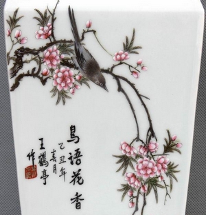 王鶴亭,號桃源笑山人,安徽黟縣人,1921年12月出生。1934年曾在江西陶瓷局學(xué)藝,拜康達(dá)為師。1958年后進(jìn)景德鎮(zhèn)藝術(shù)瓷廠畫瓷。
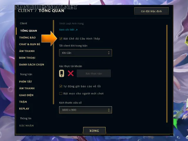 Chế độ cấu hình thấp sẽ vô hiệu hóa các hoạt ảnh và hiệu ứng không cần thiết. Thao tác này giúp giảm tiêu thụ RAM và CPU trước khi vào game.
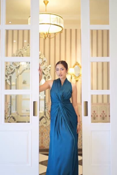 - Sculpted in lustrous emerald modal satin with a liquid drape
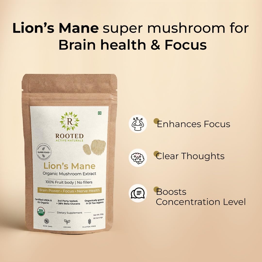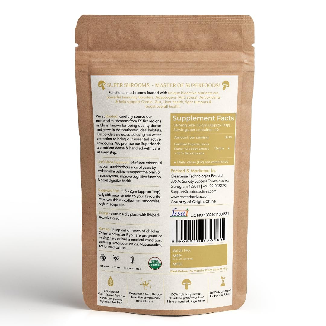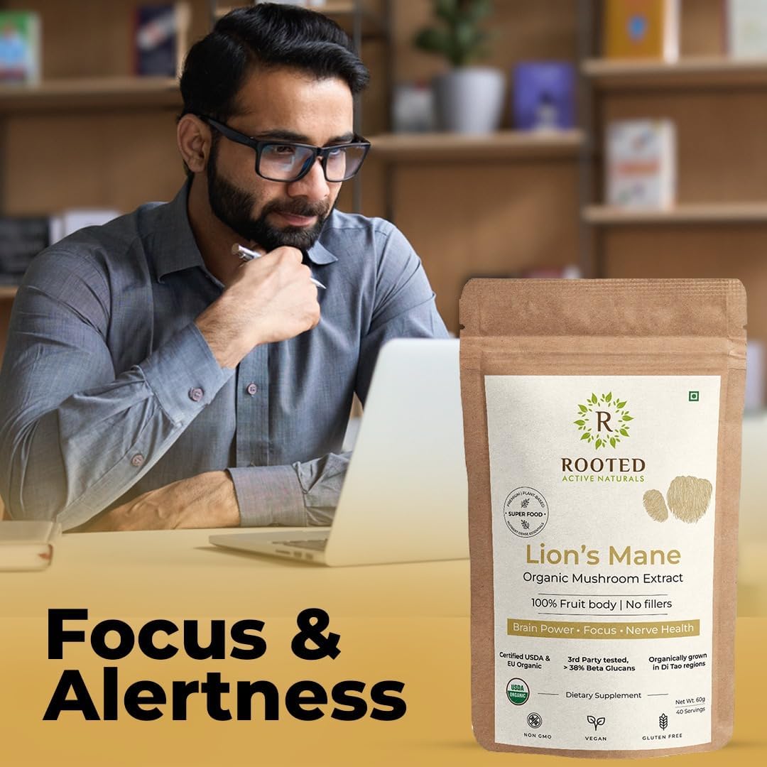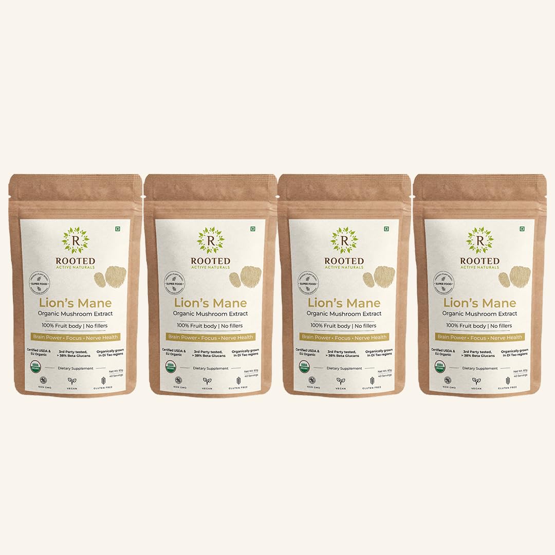 Rooted Active Lion Mane Mushroom Powder (Pack of 4 60g each) is a premium-quality mushroom powder made without artificial additives. This finely ground mushroom powder is ideal for mixing into smoothies coffee shakes or recipes offering a natural and convenient addition to your diet. This plant-based powder is carefully processed to retain its natural composition. It is vegan gluten-free and non-GMO making it suitable for those looking for a clean-label product.
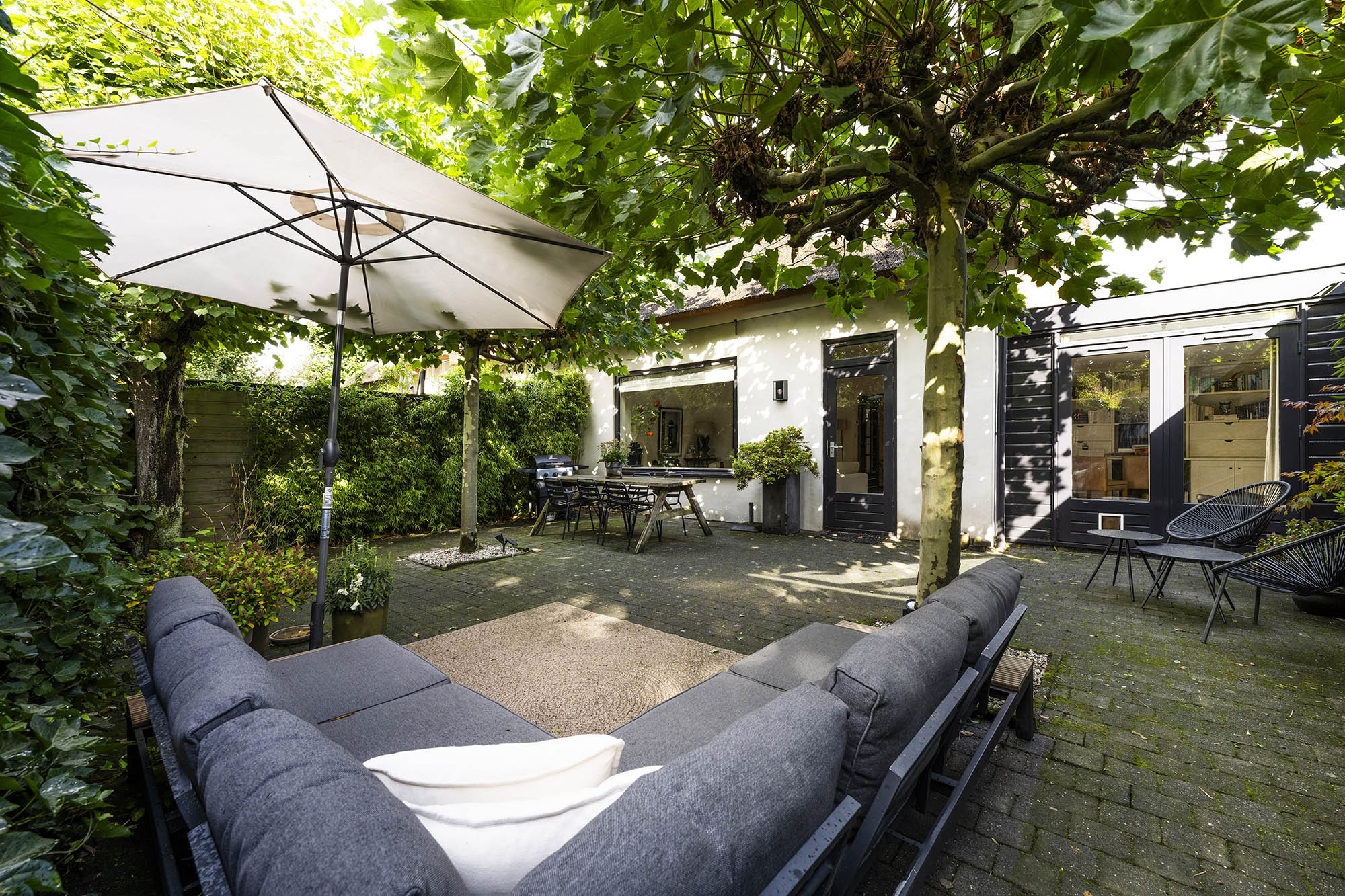 Kortom: een ruim, sfeervol, rietgedekt en verrassend huis op een unieke plek in het bruisende hart van Laren.
++++++++++
▸ TASK ITEM: May I have only the lines from the start of the data through the line containing "- Sculpted in", both included, reproduced exactly and without the pictures?

▸ RESULT OF THE EXERCISE:
 王鶴亭,號桃源笑山人,安徽黟縣人,1921年12月出生。1934年曾在江西陶瓷局學(xué)藝,拜康達(dá)為師。1958年后進(jìn)景德鎮(zhèn)藝術(shù)瓷廠畫瓷。
 Chế độ cấu hình thấp sẽ vô hiệu hóa các hoạt ảnh và hiệu ứng không cần thiết. Thao tác này giúp giảm tiêu thụ RAM và CPU trước khi vào game.
 - Sculpted in lustrous emerald modal satin with a liquid drape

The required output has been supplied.